Se ha querido poner en la piel del niño de aquel cuento de El traje nuevo del emperador y ser él quien diga en alto lo que muchos piensan: que el arte de hoy ha perdido su esencia para quedar reducido al chascarrillo. Para el escritor y exdirector de la Biblioteca Nacional de España Luis Racionero, desde Duchamp y sus ready-mades, la creatividad se ha convertido en sinónimo de pura rentabilidad, materializada en piezas como el tiburón en formol que Damien Hirst vendió por 12 millones de dólares. Aquella obra le ha servido para redondear el título de su ensayo, Los tiburones del arte (Stella Maris), un libro en el que diserta sobre la mercantilización del arte e imagina el futuro de la plástica más allá del siglo XXI.
La disyuntiva fundamental está clara: no es lo mismo valor que precio. Y es el segundo, y no el primero, el que guía el camino de la creación contemporánea, cuyas raíces el autor hunde en las Vanguardias de principios del siglo XX. “La idea es decir lo que podría decir mucha gente, pero no lo escriben”, señala Racionero, al teléfono. “Mario Vargas Llosa lo intentó explicar en La civilización del espectáculo, pero más que espectáculo, es un montaje comercial”. Para abordar su crítica, el autor arranca con una pregunta fundamental: qué es arte y para qué sirve, a lo que él mismo responde en el libro que se trata de “un objeto material o mental compuesto por un ser humano y que puede cambiar el estado de ánimo de otros seres humanos”.

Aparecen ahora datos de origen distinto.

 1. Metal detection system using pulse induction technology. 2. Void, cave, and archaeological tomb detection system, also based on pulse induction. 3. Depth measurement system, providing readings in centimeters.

La carga emocional, pues, se erige en la principal referencia para tratar de discernir si una obra de arte es o no valiosa (que no cara). Entonces, ¿qué pasa si a mí, como individuo, me gusta y me conmueve el infame escualo disecado? “Es como aquel chiste del examen de química en el que el profesor dice a los alumnos que el ácido sulfúrico es peligroso y uno responde 'oiga, es que a mí me gusta'. Si a alguien le gusta el tiburón allá él”, replica el escritor, que pone como ejemplo los experiementos con ratas a las que dan a elegir entre diferentes opciones musicales, "y hasta ellas eligen a Mozart". “Las Vanguardias implicaron la supresión de los criterios”, abunda. “Hasta entonces había habido diferentes estilos pero siempre con reglas, hasta que llegaron las Vanguardias y dijeron: yo me expreso, así que todo vale”.

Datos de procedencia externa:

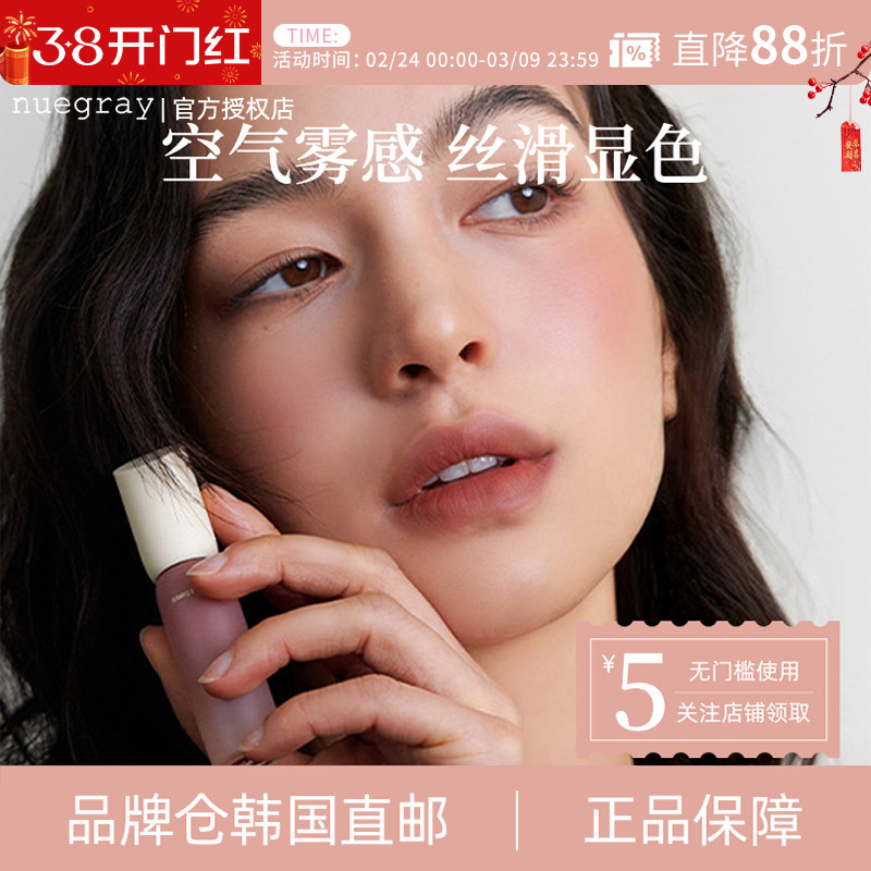 【韩国直邮】nuegray丝绒唇釉口红唇泥哑光雾面秋冬红棕柔雾裸色

Tampoco le sirve a Racionero la explicación de que el conocido urinario de Marcel Duchamp representa con sus curvas las formas de una Virgen o de un Buda o que, al tratarse de un objeto de la vida cotidiana reinterpretado, plantea la cuestión de los límites del arte, de la autoría, y pone en una relación indosoluble plástica y pensamiento. “Entonces, más que arte es una conferencia, un comentario o una pregunta”, replica. “No es algo que te provoque una emoción, sino una cuestión”. Con todo, no limita el autor de La sonrisa de la Gioconda la valía del arte a la figuración. “Para nada”, sentencia. “Ni tampoco tiene que ser bonito, aunque antes sí lo era porque la sociedad no era tan decadente”.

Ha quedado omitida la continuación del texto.